======== Working data
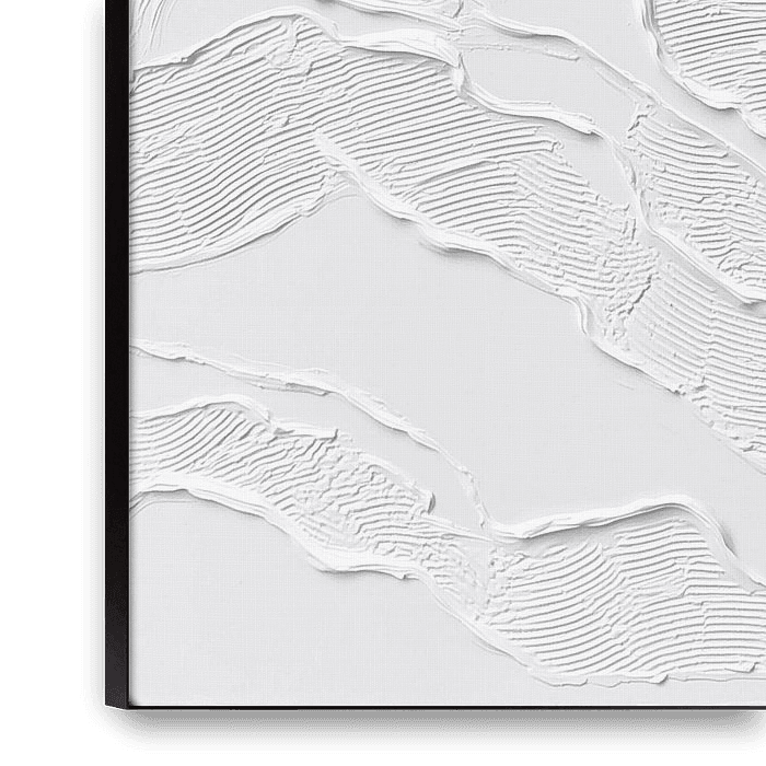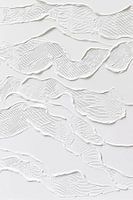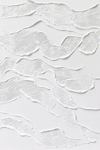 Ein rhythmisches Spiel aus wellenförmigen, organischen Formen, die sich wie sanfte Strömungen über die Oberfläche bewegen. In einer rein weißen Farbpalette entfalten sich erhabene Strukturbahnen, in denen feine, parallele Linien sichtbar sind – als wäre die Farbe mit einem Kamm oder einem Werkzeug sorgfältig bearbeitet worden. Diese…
================
======== Working data
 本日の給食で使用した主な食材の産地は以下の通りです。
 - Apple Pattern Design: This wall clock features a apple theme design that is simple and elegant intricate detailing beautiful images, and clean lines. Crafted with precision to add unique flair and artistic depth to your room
================
======== Working data
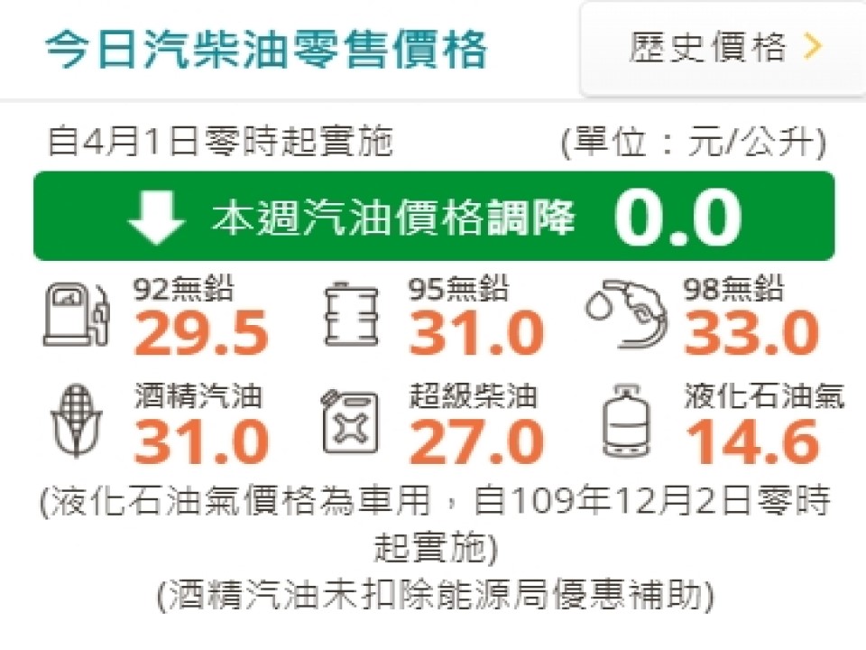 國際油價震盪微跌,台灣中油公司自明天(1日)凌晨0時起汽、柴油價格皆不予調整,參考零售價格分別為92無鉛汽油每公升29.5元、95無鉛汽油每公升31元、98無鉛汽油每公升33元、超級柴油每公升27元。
================
Work request: Could you repeat exactly the lines in the listing above from the one with "本日の給食で使用した主な食材の産地は以下の通りです。" down to the one with "- Apple Pattern"? Include both of those lines.

Result for this task:
 本日の給食で使用した主な食材の産地は以下の通りです。
 - Apple Pattern Design: This wall clock features a apple theme design that is simple and elegant intricate detailing beautiful images, and clean lines. Crafted with precision to add unique flair and artistic depth to your room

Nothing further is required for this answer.